Background. Serological testing was a key component of severe acute respiratory syndrome coronavirus-2 (SARS-CoV-2) surveillance. Social distancing interventions, resource limitations, and the need for timely data led to serosurveillance studies using a range of recruitment strategies, which likely influenced study representativeness. Characterizing representativeness in surveillance is crucial to identify gaps in sampling coverage and to assess health inequities. Methods. We retrospectively analyzed three pre-existing longitudinal cohorts, two convenience samples using residual blood, and one de novo probabilistic survey conducted in Canada between April 2020 – November 2023. We calculated study specimen counts by age, sex, urbanicity, race/ethnicity, and neighborhood deprivation quintiles. We derived a ′representation ratio′ as a simple metric to assess generalizability to a target population and various sociodemographic strata. Results. The six studies included 1,321,675 specimens. When stratifying by age group and sex, 65% of racialized minority subgroups were moderately underrepresented (representation ratio < 0.75). Representation was generally higher for older Canadians, urban neighborhoods, and neighborhoods with low material deprivation. Rural representation was highest in a study that used outpatient laboratory blood specimens.
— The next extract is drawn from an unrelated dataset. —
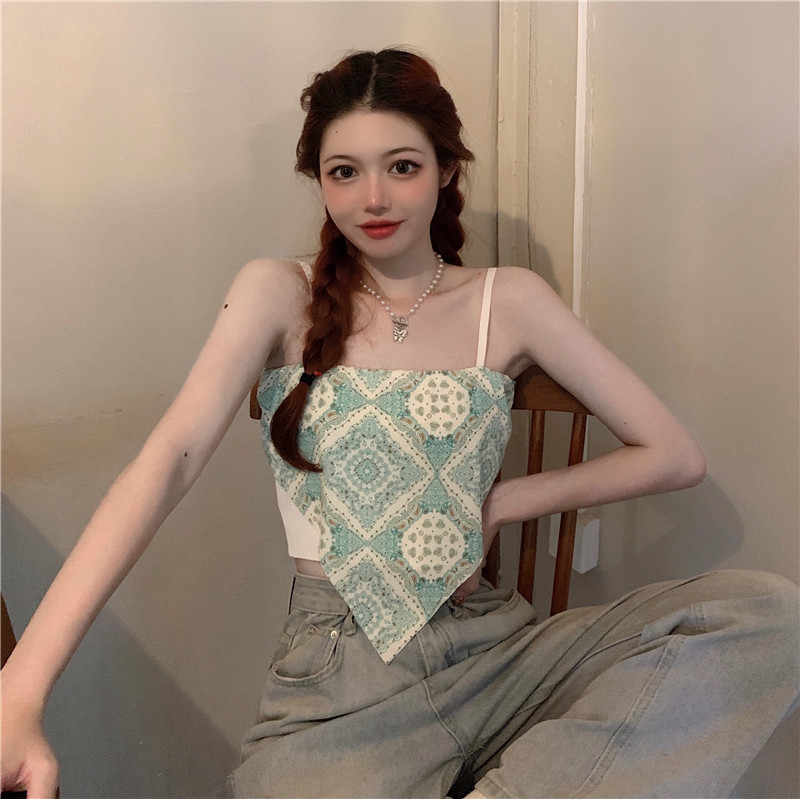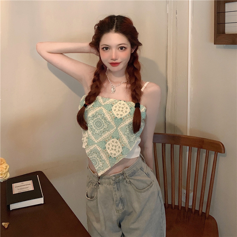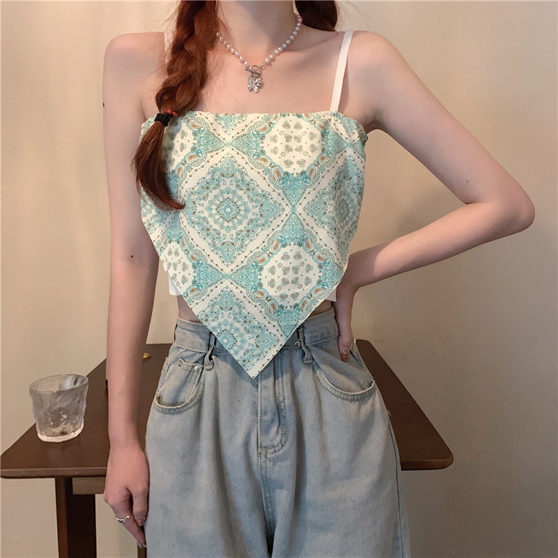 实拍实价2021夏季新款韩版设计感甜美方巾短款小清新外穿吊带背心

Racialized minority representation was highest in a de novo probabilistic survey cohort. Conclusion. While no study had adequate representation of all subgroups, less traditional recruitment strategies were more representative of some population dimensions. Understanding demographic representativeness and barriers to recruitment are important considerations when designing population health surveillance studies.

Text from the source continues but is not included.